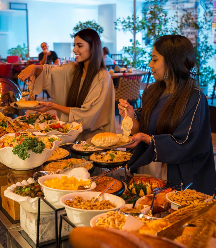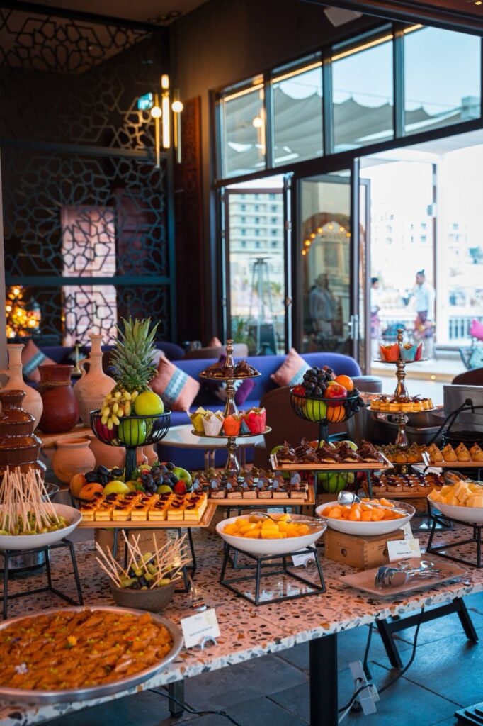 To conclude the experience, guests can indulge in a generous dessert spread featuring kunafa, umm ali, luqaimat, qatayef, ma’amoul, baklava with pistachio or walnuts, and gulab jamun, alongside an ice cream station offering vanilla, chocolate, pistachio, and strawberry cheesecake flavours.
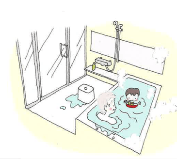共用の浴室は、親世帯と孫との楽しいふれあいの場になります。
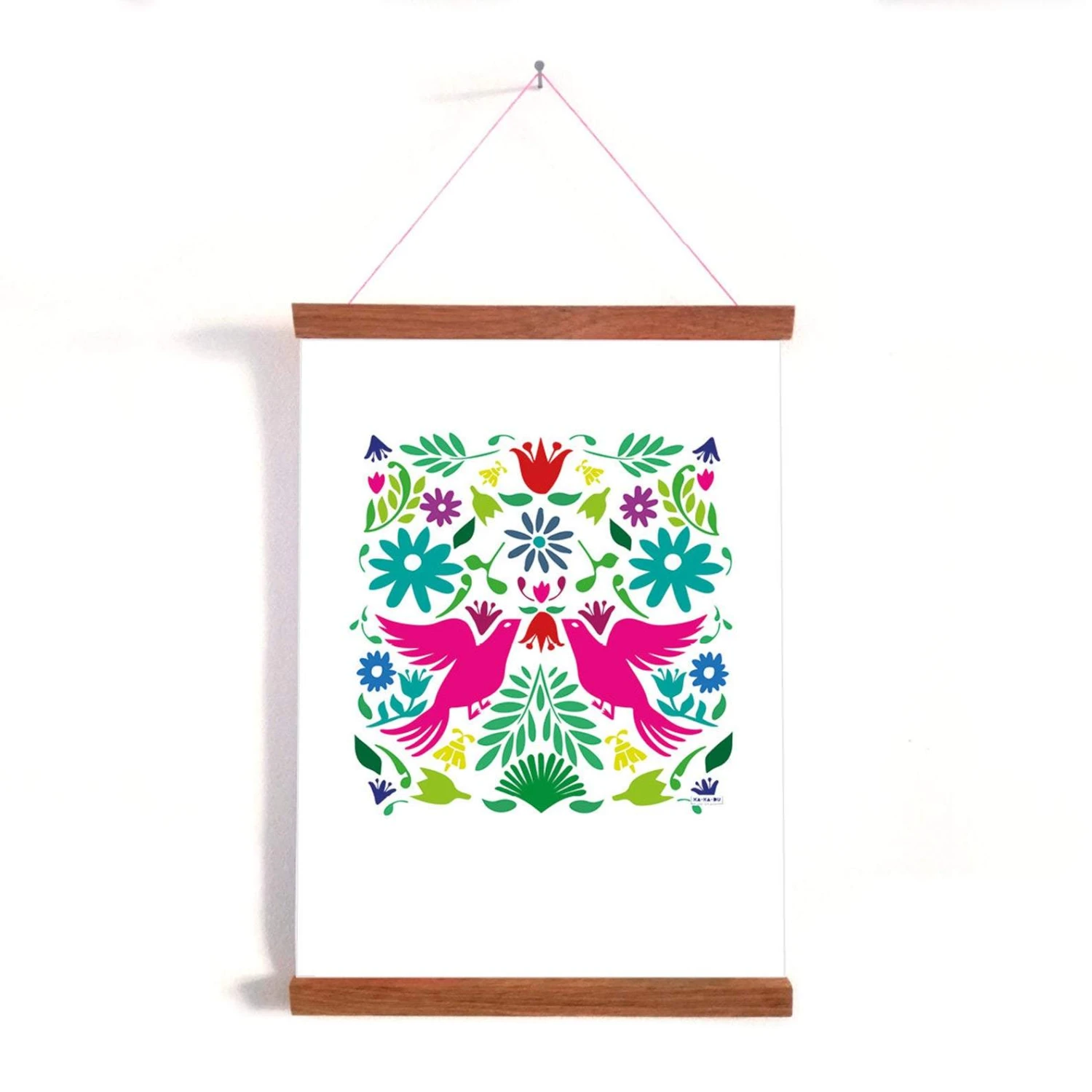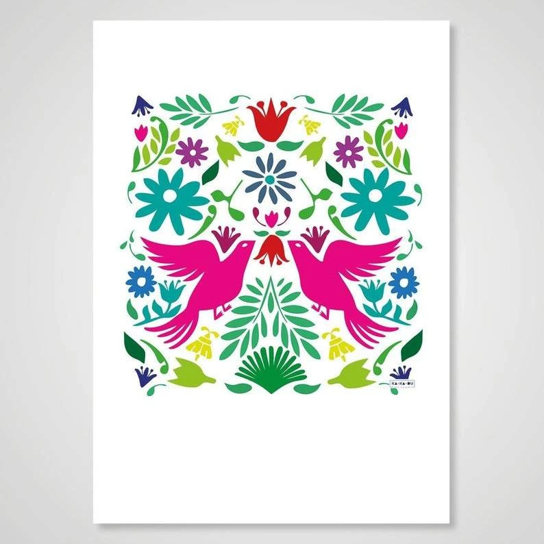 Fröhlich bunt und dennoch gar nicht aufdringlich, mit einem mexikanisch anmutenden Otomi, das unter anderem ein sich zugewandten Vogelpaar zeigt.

___

▶ **Instructions for the task**
Would you repeat the listing word for word and skip every picture?

▶ **The completed task**
 To conclude the experience, guests can indulge in a generous dessert spread featuring kunafa, umm ali, luqaimat, qatayef, ma’amoul, baklava with pistachio or walnuts, and gulab jamun, alongside an ice cream station offering vanilla, chocolate, pistachio, and strawberry cheesecake flavours.
共用の浴室は、親世帯と孫との楽しいふれあいの場になります。
 Fröhlich bunt und dennoch gar nicht aufdringlich, mit einem mexikanisch anmutenden Otomi, das unter anderem ein sich zugewandten Vogelpaar zeigt.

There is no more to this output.